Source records

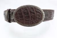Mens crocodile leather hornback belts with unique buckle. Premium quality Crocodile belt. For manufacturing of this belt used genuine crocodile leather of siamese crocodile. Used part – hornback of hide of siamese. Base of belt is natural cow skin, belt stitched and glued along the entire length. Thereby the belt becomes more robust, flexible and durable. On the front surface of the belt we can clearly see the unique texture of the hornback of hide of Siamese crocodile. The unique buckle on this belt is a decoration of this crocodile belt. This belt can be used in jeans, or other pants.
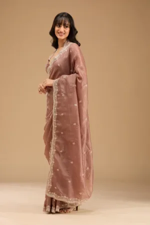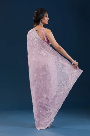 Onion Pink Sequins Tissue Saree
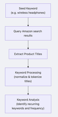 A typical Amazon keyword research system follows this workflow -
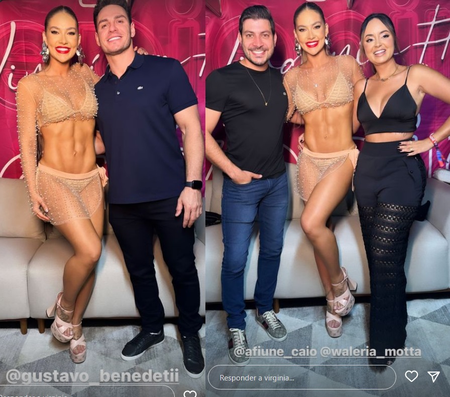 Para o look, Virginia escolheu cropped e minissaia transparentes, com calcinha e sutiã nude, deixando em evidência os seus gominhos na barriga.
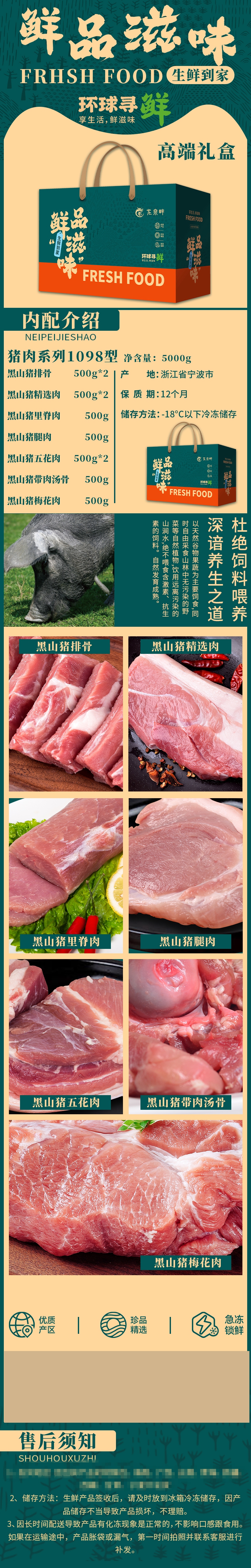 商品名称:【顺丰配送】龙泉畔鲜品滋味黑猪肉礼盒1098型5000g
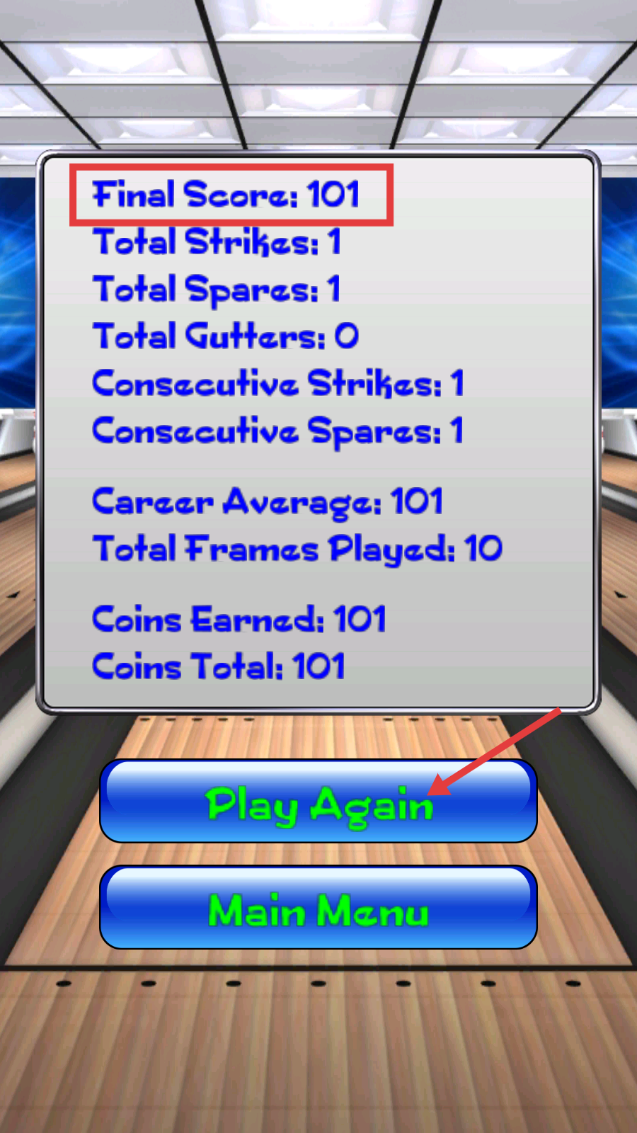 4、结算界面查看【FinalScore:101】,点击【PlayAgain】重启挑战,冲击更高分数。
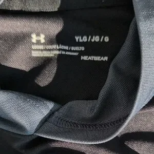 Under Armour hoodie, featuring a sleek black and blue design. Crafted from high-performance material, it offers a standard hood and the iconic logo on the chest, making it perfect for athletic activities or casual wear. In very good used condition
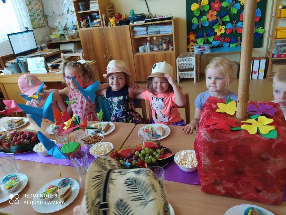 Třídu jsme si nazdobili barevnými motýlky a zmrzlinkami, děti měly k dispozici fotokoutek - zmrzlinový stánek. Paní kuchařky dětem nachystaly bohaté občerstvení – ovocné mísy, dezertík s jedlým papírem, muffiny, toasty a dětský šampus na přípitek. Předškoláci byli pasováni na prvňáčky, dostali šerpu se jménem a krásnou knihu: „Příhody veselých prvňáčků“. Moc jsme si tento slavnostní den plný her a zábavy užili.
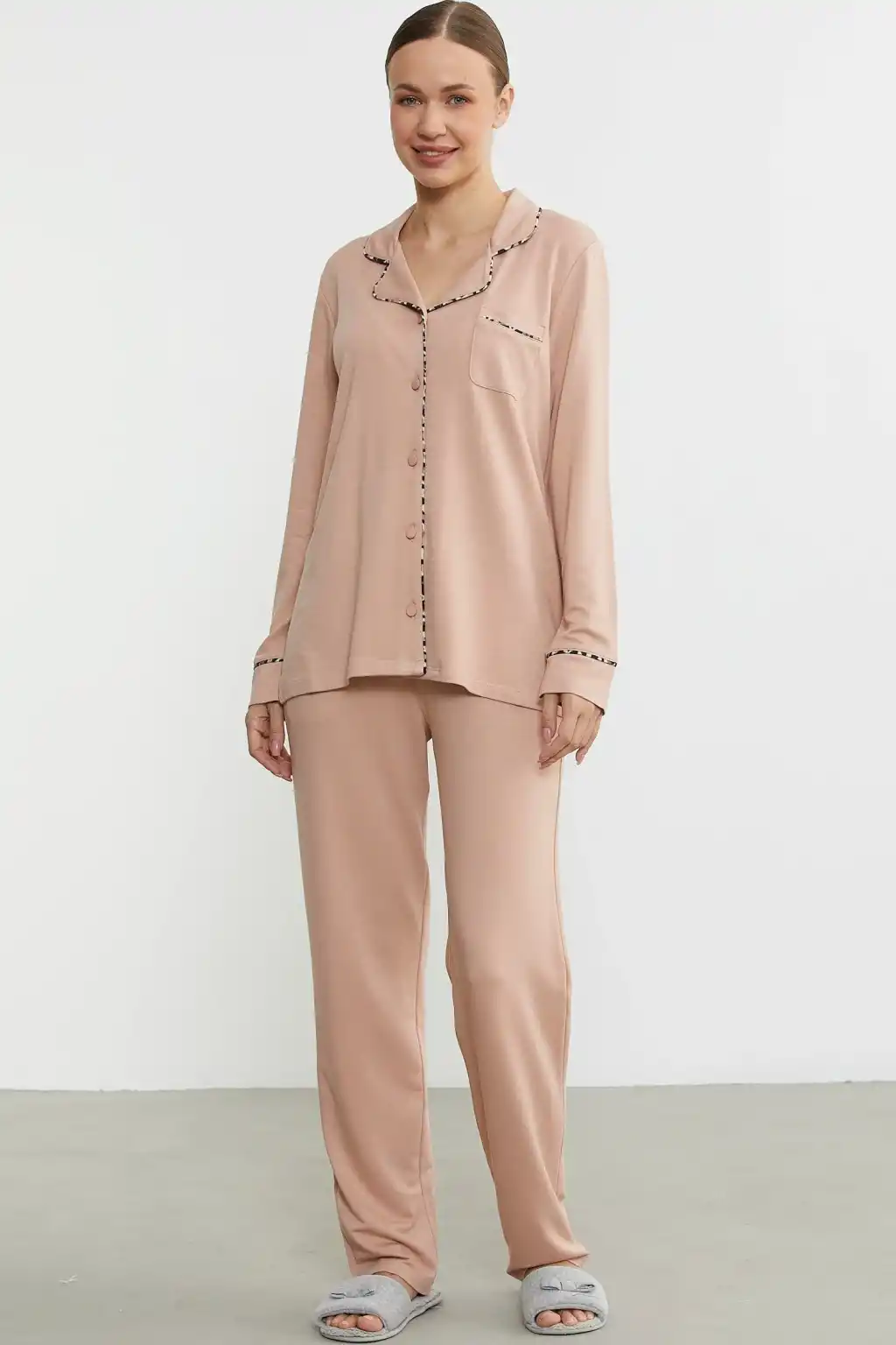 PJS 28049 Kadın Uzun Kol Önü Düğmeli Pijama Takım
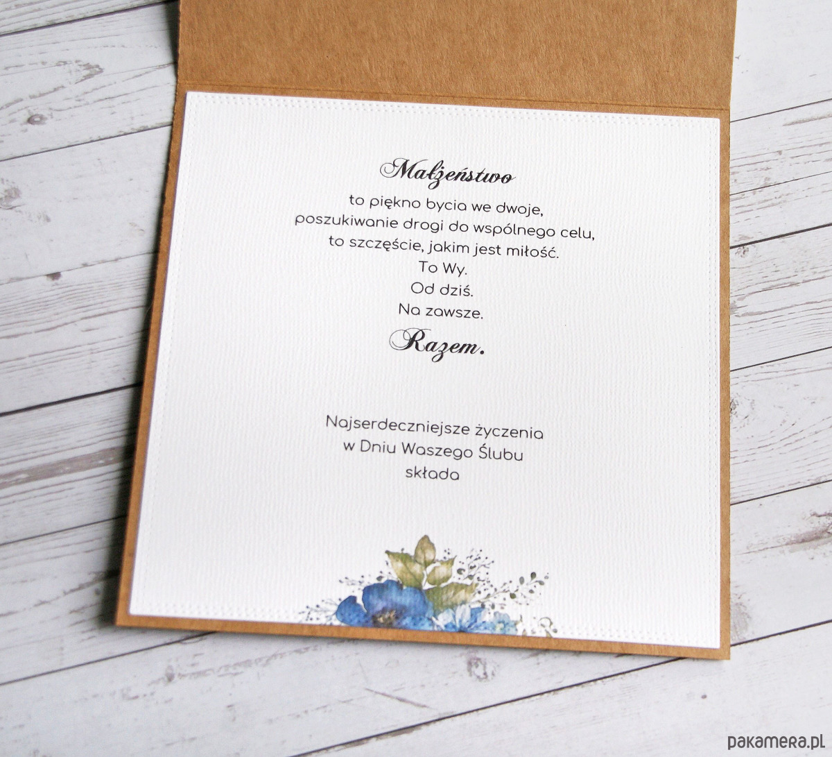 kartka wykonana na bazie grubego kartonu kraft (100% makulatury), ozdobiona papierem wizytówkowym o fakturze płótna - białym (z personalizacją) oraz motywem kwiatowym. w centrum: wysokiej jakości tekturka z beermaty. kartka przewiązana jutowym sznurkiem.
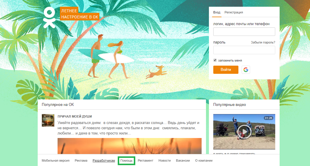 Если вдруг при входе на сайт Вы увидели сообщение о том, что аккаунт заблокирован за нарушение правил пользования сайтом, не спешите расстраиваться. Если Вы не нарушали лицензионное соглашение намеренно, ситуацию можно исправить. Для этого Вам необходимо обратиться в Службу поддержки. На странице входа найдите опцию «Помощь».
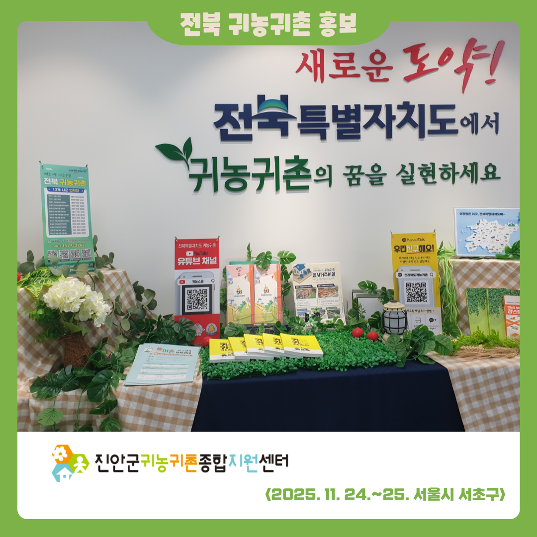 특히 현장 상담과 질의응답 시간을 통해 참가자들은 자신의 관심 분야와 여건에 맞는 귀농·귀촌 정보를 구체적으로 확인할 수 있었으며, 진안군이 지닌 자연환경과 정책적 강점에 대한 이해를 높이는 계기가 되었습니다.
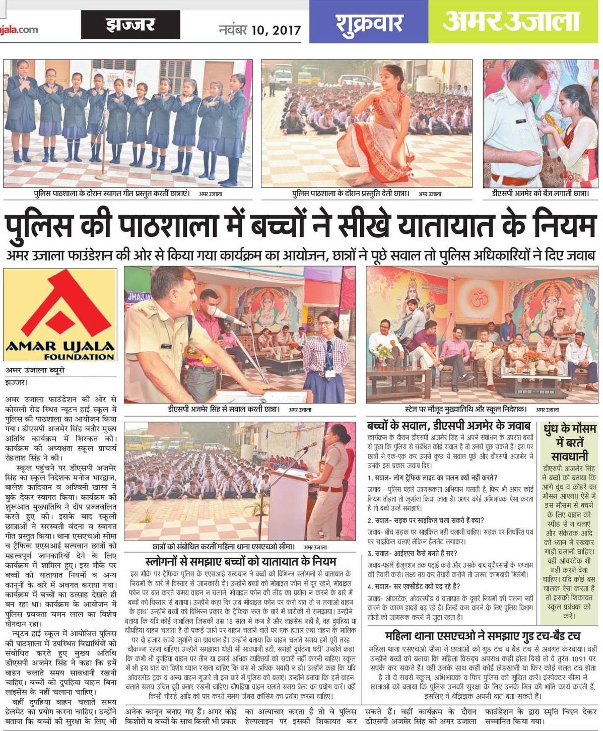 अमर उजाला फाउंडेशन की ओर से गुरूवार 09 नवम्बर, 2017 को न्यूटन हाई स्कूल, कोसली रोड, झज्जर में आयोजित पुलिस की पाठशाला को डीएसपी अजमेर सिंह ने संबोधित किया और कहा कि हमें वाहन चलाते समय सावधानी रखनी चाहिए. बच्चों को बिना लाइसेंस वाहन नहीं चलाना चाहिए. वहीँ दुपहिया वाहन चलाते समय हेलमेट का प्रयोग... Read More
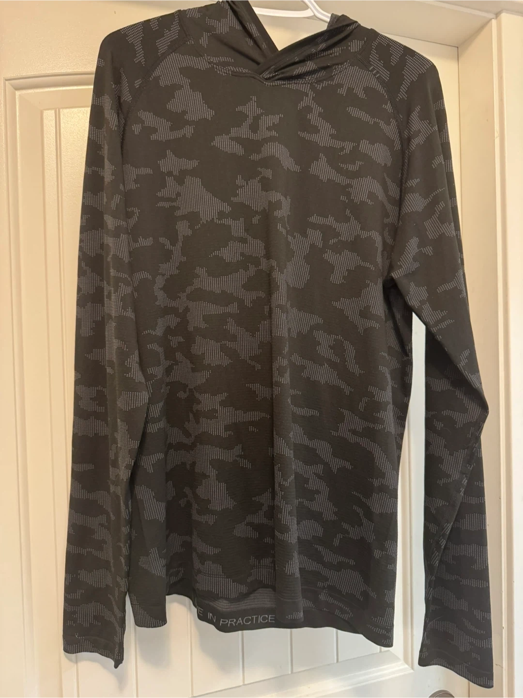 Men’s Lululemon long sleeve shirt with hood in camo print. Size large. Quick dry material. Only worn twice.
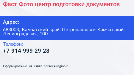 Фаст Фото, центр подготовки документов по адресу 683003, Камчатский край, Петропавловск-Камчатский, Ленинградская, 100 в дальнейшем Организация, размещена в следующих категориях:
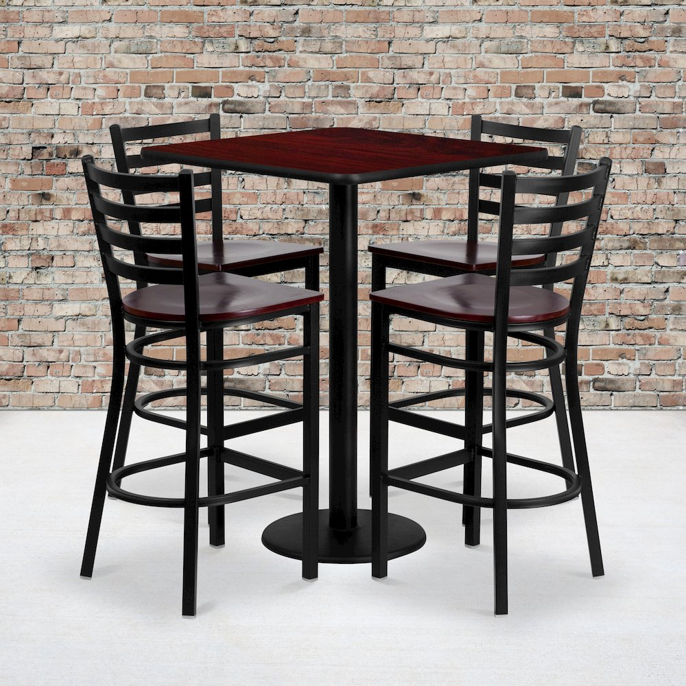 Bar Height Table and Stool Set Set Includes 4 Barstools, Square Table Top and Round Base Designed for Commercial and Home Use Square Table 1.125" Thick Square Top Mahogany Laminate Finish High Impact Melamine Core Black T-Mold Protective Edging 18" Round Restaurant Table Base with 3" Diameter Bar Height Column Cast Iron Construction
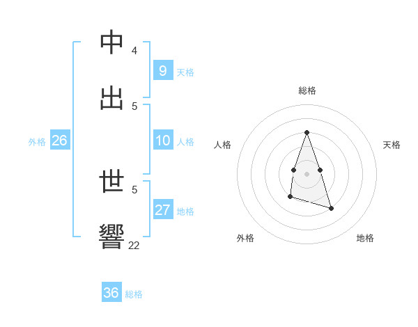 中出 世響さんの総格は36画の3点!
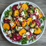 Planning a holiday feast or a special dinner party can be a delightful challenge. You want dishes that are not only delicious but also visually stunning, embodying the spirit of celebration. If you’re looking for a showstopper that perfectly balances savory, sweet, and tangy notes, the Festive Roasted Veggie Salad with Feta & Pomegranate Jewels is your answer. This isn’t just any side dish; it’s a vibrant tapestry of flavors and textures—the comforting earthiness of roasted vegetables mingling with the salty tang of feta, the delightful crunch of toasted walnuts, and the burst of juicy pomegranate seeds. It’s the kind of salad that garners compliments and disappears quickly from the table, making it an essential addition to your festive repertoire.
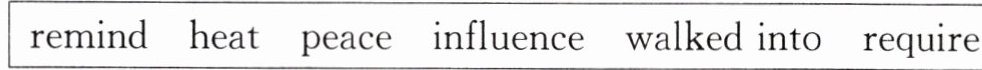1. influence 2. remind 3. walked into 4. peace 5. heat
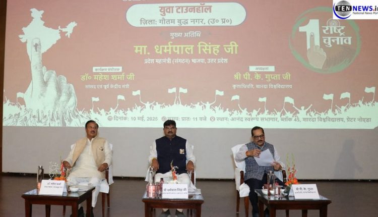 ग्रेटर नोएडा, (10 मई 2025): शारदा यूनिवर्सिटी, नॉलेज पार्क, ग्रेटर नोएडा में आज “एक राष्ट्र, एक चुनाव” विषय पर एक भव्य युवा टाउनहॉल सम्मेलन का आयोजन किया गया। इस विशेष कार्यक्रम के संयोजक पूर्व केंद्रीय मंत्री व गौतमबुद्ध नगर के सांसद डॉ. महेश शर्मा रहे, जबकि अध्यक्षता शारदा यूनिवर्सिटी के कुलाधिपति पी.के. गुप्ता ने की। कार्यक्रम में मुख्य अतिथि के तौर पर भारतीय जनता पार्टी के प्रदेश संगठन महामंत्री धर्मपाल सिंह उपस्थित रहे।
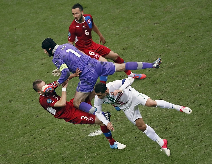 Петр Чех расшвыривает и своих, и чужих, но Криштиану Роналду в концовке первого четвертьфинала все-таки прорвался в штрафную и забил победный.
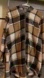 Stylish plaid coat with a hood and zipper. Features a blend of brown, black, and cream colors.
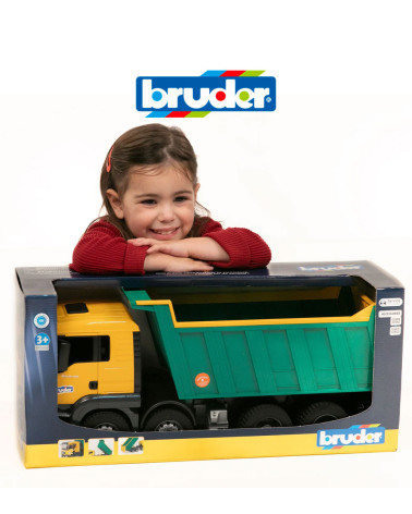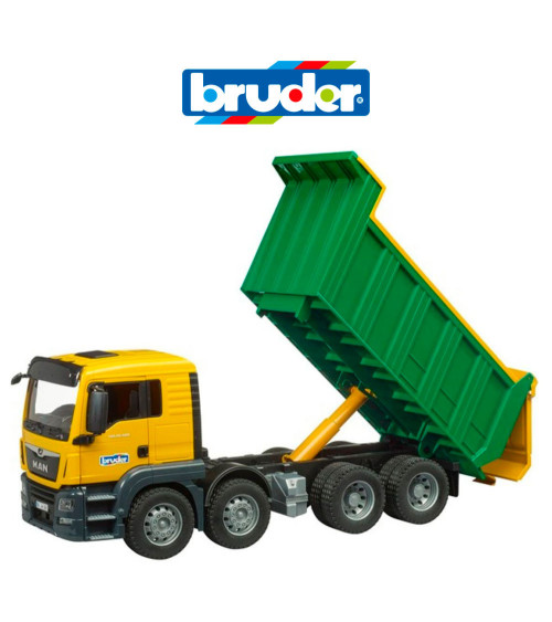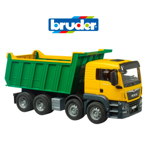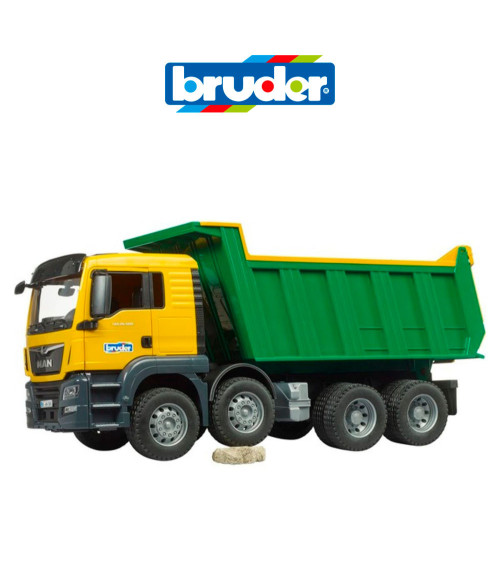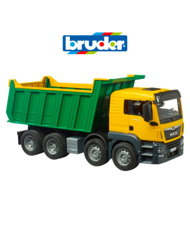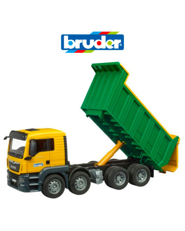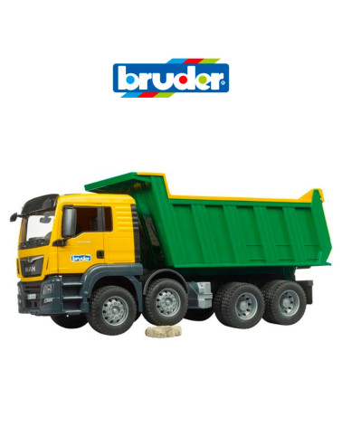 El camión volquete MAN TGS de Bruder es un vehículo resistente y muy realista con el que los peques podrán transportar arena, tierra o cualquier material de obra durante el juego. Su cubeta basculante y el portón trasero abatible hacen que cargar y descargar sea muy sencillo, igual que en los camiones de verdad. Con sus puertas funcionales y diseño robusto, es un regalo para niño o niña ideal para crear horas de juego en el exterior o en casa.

- ASSIGNED TASK
A clean copy is needed of the lines above from the one with "अमर उजाला फाउंडेशन" up to and including the one with "Men’s Lululemon long". Please set it down exactly, with no pictures.

- WRITTEN REPLY
 अमर उजाला फाउंडेशन की ओर से गुरूवार 09 नवम्बर, 2017 को न्यूटन हाई स्कूल, कोसली रोड, झज्जर में आयोजित पुलिस की पाठशाला को डीएसपी अजमेर सिंह ने संबोधित किया और कहा कि हमें वाहन चलाते समय सावधानी रखनी चाहिए. बच्चों को बिना लाइसेंस वाहन नहीं चलाना चाहिए. वहीँ दुपहिया वाहन चलाते समय हेलमेट का प्रयोग... Read More
 Men’s Lululemon long sleeve shirt with hood in camo print. Size large. Quick dry material. Only worn twice.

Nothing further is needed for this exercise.